And once again, he was right. In a way, that was what he had meant. Ivar would be terrifying to face across the battlefield, coated in in the blood of his enemies, screaming a battle cry from his chariot, but in close, one-on-one combat, especially if he caught him off-guard, Heahmund would have the advantage. Even Ivar would have to admit that, surely.

"And you are right," Ivar told him.

Hvitserk blinked in surprise. "What?"

Ivar slipped his knife back into its holster, produced a length of strong cloth from a pocket and tied it around his legs below the knees. "I said, you are right. Heahmund is a great warrior. I have no doubt that he would be able to overpower me if he chose to do so. In fact, I have no doubt he could overpower you too. But yet I am safe with him, as I have already explained to you."
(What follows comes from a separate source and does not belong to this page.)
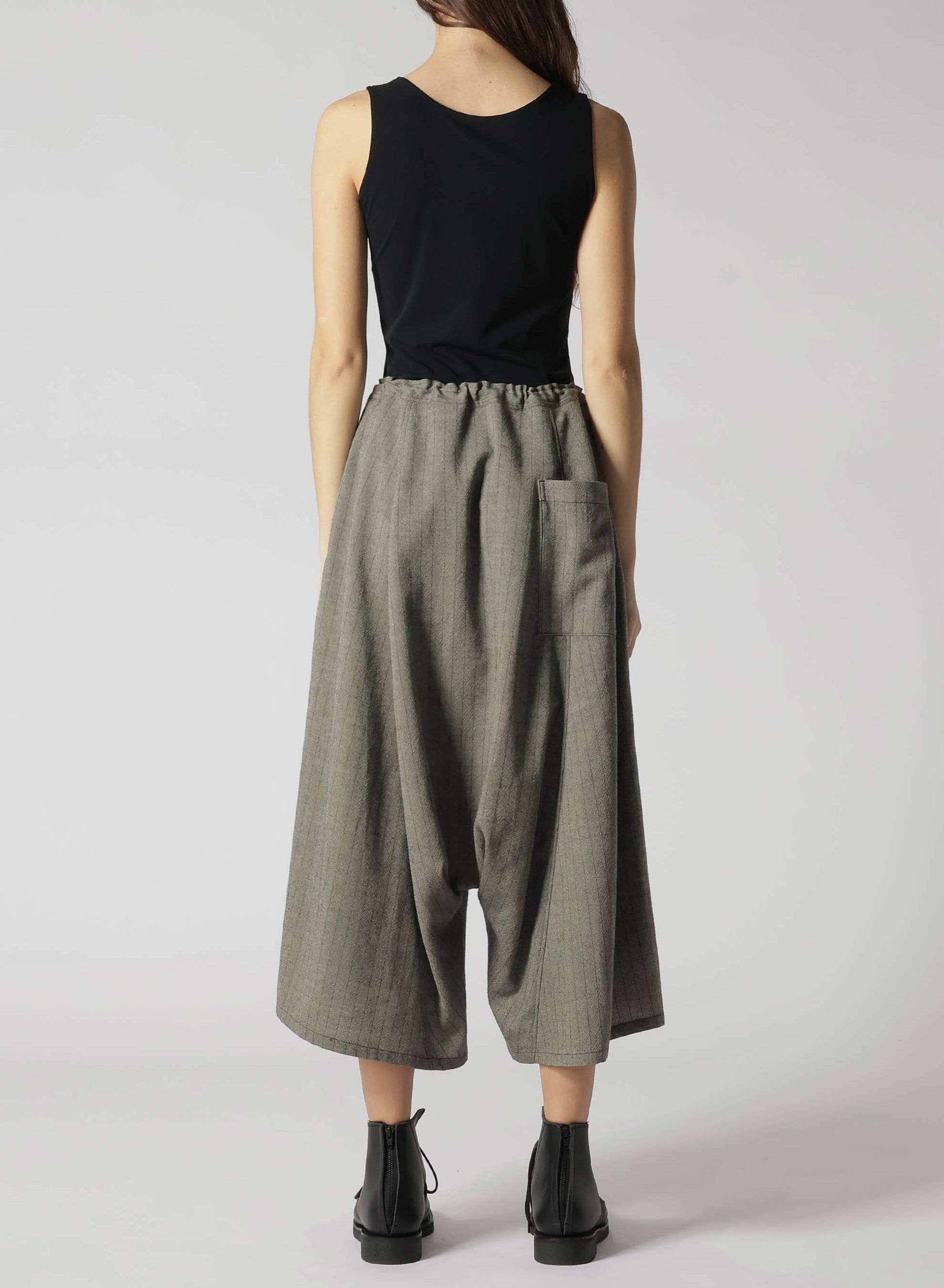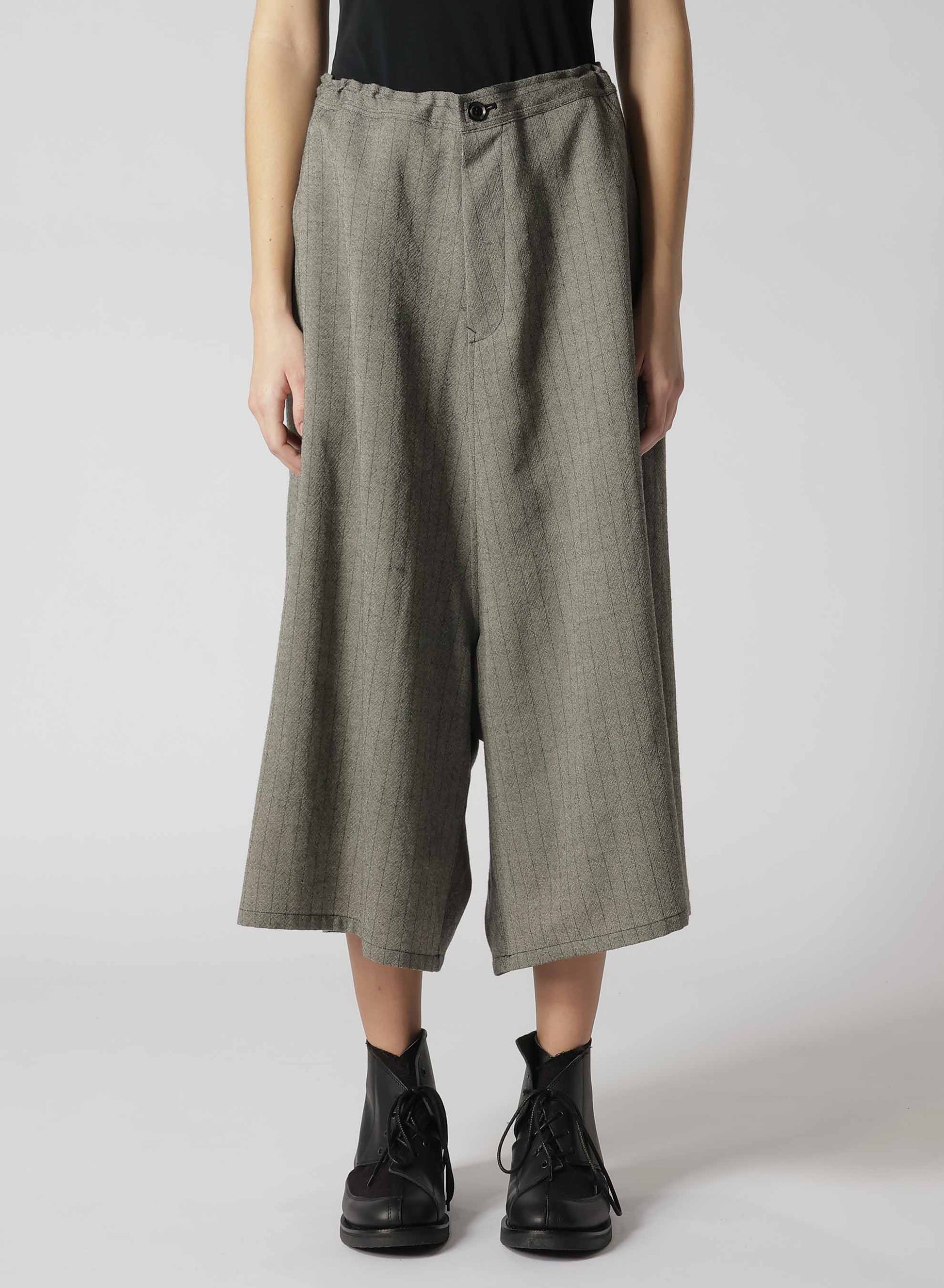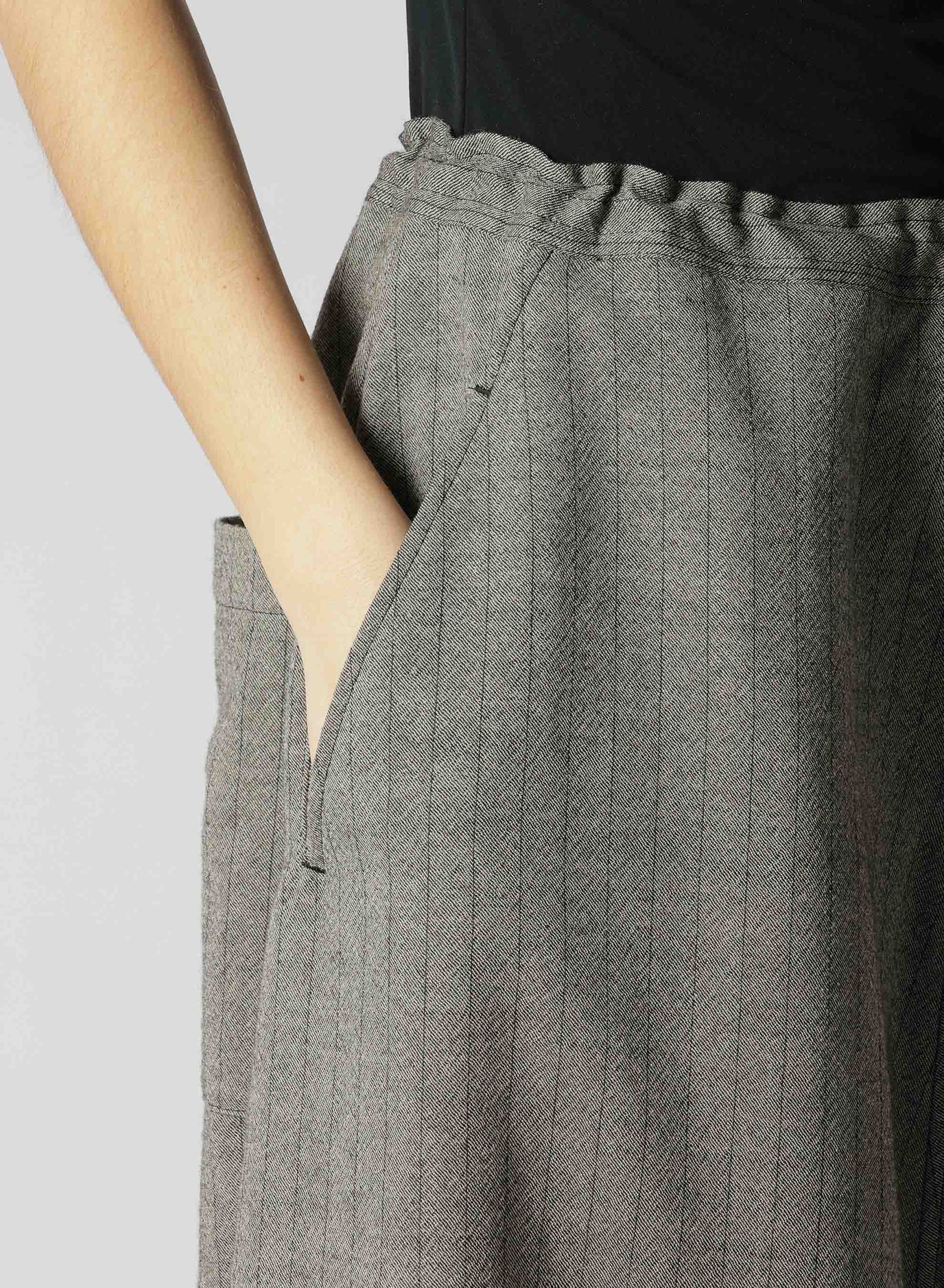 Estos pantalones sarouel de lana a rayas cuentan con una textura de fulled para una sensación arrugada única. Caracterizados por una cintura alta, ofrecen un ajuste cómodo similar a una falda. Ajustables con un cordón en la cintura, pero deben manejarse con cuidado para evitar deslizamientos por tirones excesivos.

"It's not only that he could hurt you," Hvitserk told him. "You might find him…" he hesitated, "You might find him interesting, but I don't think he feels the same way."

Ivar laughed quietly. "Are you worried about me, brother?"

Hvitserk set his lips in a thin line. There were only so many ways that it could end, and there was no room for the possibility of happiness. He decided to change the direction of the argument. "Father had a Christian that he found interesting once," he said. "Do you remember?"

"Athelstan." Ivar shook his head. "Not really. I was too young when he died to really remember."

"Well, I remember," Hvitserk told him. He had been a child too, but he had been old enough to understand what had happened, and to follow what the adults around him were saying. "I just don't want the same thing to happen to you as happened to father."

Ivar rolled his eyes. "Ragnar was dropped into a pit of snakes by a king that we have since killed." Ivar shook his head, then took a long gulp of his drink. "It is unlikely to happen again."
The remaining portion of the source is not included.